What You Do Is Who You Are: How to Create Your Business Culture (Summary)
To lead the only successful slave revolt in history, Toussaint Louverture took a shocking step: he forbade his officers from keeping concubines. This wasn't about morality; it was about culture. In a world where sexual exploitation was a symbol of power, this rule was so jarring it forced his army to confront and adopt a new, higher standard of discipline and trust.
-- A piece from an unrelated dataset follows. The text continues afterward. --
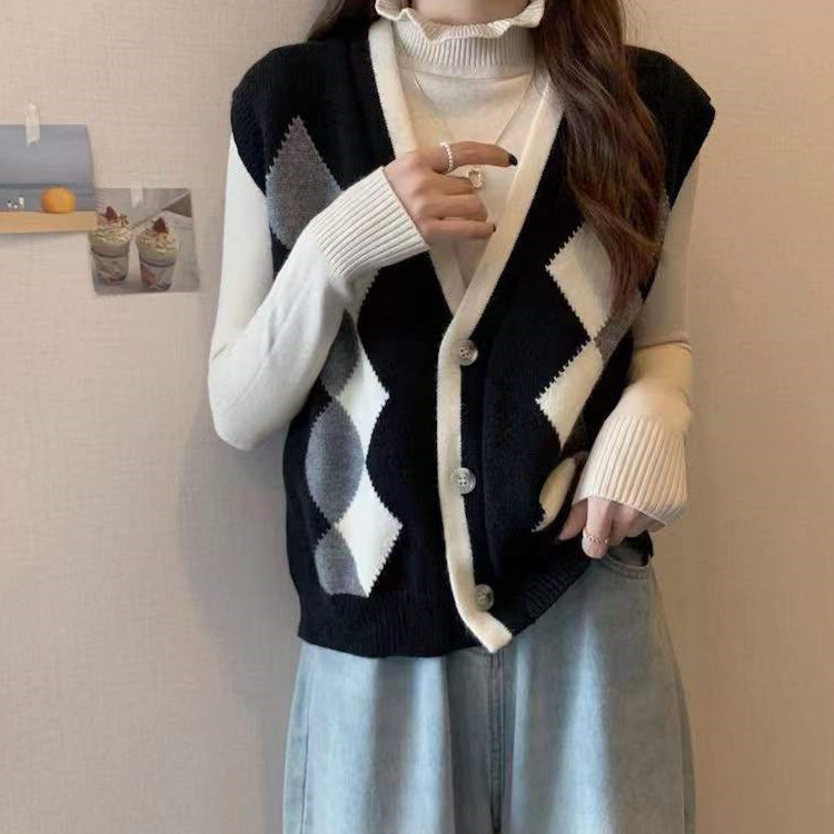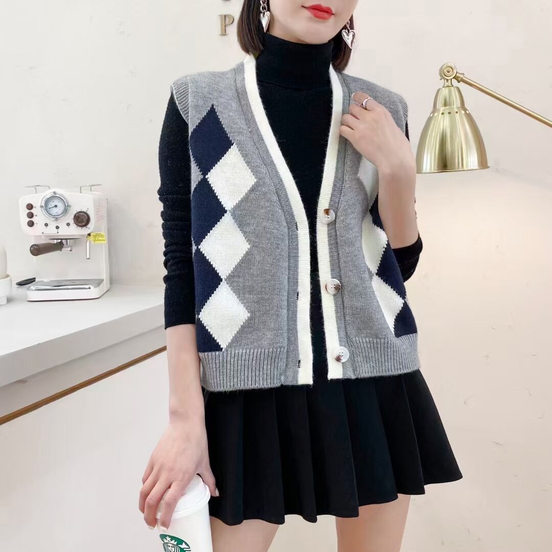 | nameOriginal | Vintage Rhombus Knitted Vest Women's Spring 2023 New V-Neck Sleeveless All-match Fashion Vest Wholesale |

It was a rule so memorable that it redefined who they were.
Culture is Built on Shocking Rules
To make a cultural value stick, it needs to be embodied in a rule that is so memorable and counter-intuitive that people constantly ask, 'Why do we do that?' The answer to the 'why' is the value itself.
At his company Opsware, Horowitz created a 'Pan-European-Asshole' award for the person in the European sales team who did the most to help a colleague in another country, even at their own expense. The shocking name made the award famous within the company and powerfully reinforced the cultural value of pan-European teamwork over individual glory.
Learn from Samurai, Not MBAs
Abstract corporate values like 'excellence' are useless. Instead, Horowitz looks to established warrior codes like the samurai's Bushido, which focused on specific, actionable virtues that guided behavior in life-or-death situations.
The samurai code didn't just say 'be loyal'; it dictated exactly how a samurai must behave to demonstrate loyalty to their lord. A modern company can apply this by defining a virtue like 'ownership' not as a poster, but as a rule: 'If you see a problem, you must fix it or find someone who can.' This makes the value a concrete action, not a platitude.
What You Tolerate Defines Your Culture
The culture you have is not what you preach, but what you are willing to let slide. Your company's real values are revealed by which behaviors you punish and which ones you ignore.
Horowitz tells the story of an Uber executive who was a high performer but engaged in rampant sexual harassment. Uber's leadership knew about his behavior but tolerated it because he delivered results. This inaction sent a clear message that performance mattered more than respect, cementing a toxic culture that later erupted in a massive public scandal.
Your Culture Must Evolve or Die
A company's culture isn't static. As a company grows, faces new challenges, or enters new markets, its culture must be consciously adapted and reinforced to meet the new reality.
When Andreessen Horowitz (a16z) grew, its initial culture of informal, free-wheeling debate became chaotic. They had to introduce a new cultural element: 'strong opinions, weakly held.' This virtue explicitly required people to argue their points forcefully but also be ready to change their minds completely when presented with better data, adapting the culture for a larger, more complex organization.